For example a Bank offers 4% interest calculated daily paid monthly. Is the interest 4% of the daily amount divided by the number of days in a year? If you had $10,000 at 4% is the calculation $10,000 x 4% = $400/365 = $1.096 so the next day you are getting 10,001.096 x 4% = $400.043/365 and so on assuming no withdrawals are made. This provides "interest on interest" giving more than the advertised 4% interest per annum. Or, do they reduce the amount of interest paid daily so that the amount paid adds up to exactly $400 for a whole year?

Are you better of when the interest is calculated daily and paid monthly than a Bank that offers the same interest rate but only pays annually?


It's called compound interest. 

Google search/Wikipedia:

Compound interest arises when interest is added to the principal of a deposit or loan, so that, from that moment on, the interest that has been added also earns interest. This addition of interest to the principal is called compounding. A bank account, for example, may have its interest compounded every year: in this case, an account with $1000 initial principal and 20% interest per year would have a balance of $1200 at the end of the first year, $1440 at the end of the second year, and so on.

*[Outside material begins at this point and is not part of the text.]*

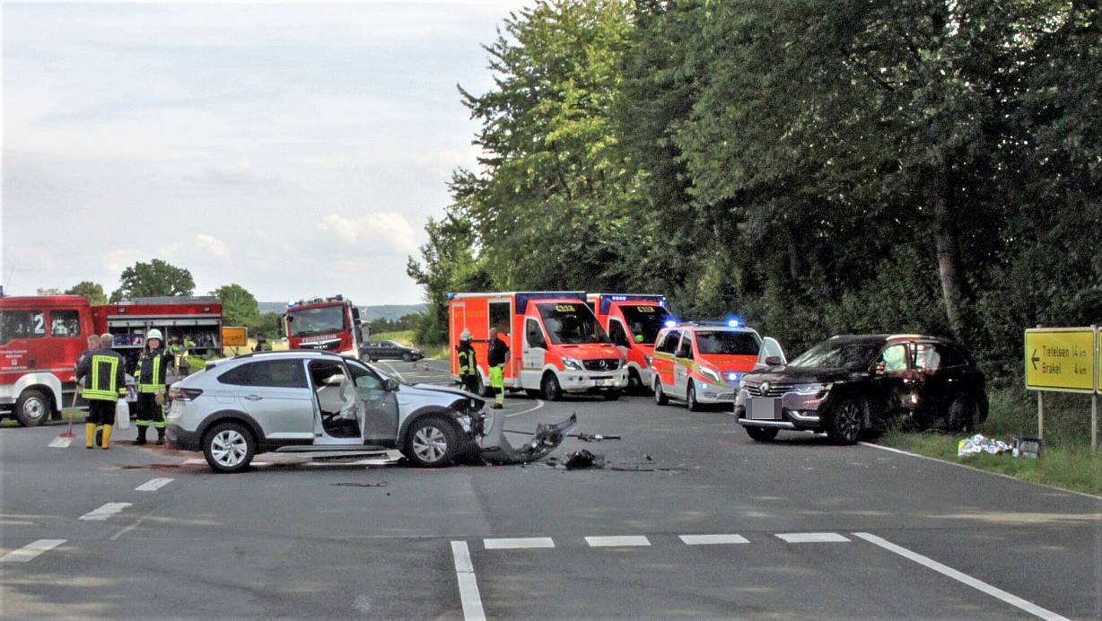 Brakel. Der Personen wurden bei einem Unfall in der Nähe von Brakel verletzt, eine davon schwer. Das teilt die Polizei am Freitag mit. Am Donnerstag (18. Juli), befuhr um 16.55 Uhr ein VW Taigo von der Bundesstraße 252 kommend den Abfahrtsarm zur L863 und wollte an der Einmündung nach links in Richtung Brakel abbiegen.

A recent example in the UK.

In the 1928 a person made a donation to the UK government of 500,000 pounds that was to be used to pay off the UK National debt provided certain conditions were met, as those conditions have never been met, that 500,000 pounds has compounded tp 350,000,000 pounds, and Barclays bank is desperate to get rid of it, but they cant. They're looking at the ever increasing interest on interest they have to keep paying this bank account.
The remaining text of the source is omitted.